*What you are asked to do:*
Check each line of the entries below for the string "with"; copy every line where it appears.

*Provided information:*
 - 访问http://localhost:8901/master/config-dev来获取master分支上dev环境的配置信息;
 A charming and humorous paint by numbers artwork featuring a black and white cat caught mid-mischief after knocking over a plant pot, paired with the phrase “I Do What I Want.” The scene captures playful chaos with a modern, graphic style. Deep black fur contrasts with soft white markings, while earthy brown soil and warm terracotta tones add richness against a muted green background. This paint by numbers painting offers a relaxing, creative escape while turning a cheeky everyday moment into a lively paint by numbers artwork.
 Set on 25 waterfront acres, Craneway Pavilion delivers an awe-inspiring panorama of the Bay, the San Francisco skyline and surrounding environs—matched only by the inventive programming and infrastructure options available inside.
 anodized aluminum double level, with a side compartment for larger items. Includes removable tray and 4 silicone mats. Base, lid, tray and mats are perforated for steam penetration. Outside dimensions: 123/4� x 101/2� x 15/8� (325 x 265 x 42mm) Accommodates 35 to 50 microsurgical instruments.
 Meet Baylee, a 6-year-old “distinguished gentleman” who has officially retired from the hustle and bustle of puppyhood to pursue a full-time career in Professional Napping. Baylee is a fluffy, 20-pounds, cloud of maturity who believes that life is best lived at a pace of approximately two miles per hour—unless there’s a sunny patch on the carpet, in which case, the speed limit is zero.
---
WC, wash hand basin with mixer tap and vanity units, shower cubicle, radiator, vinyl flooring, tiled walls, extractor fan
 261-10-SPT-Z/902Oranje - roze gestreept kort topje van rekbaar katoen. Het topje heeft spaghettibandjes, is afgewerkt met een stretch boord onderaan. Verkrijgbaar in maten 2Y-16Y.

*Task response:*
 A charming and humorous paint by numbers artwork featuring a black and white cat caught mid-mischief after knocking over a plant pot, paired with the phrase “I Do What I Want.” The scene captures playful chaos with a modern, graphic style. Deep black fur contrasts with soft white markings, while earthy brown soil and warm terracotta tones add richness against a muted green background. This paint by numbers painting offers a relaxing, creative escape while turning a cheeky everyday moment into a lively paint by numbers artwork.
 anodized aluminum double level, with a side compartment for larger items. Includes removable tray and 4 silicone mats. Base, lid, tray and mats are perforated for steam penetration. Outside dimensions: 123/4� x 101/2� x 15/8� (325 x 265 x 42mm) Accommodates 35 to 50 microsurgical instruments.
WC, wash hand basin with mixer tap and vanity units, shower cubicle, radiator, vinyl flooring, tiled walls, extractor fan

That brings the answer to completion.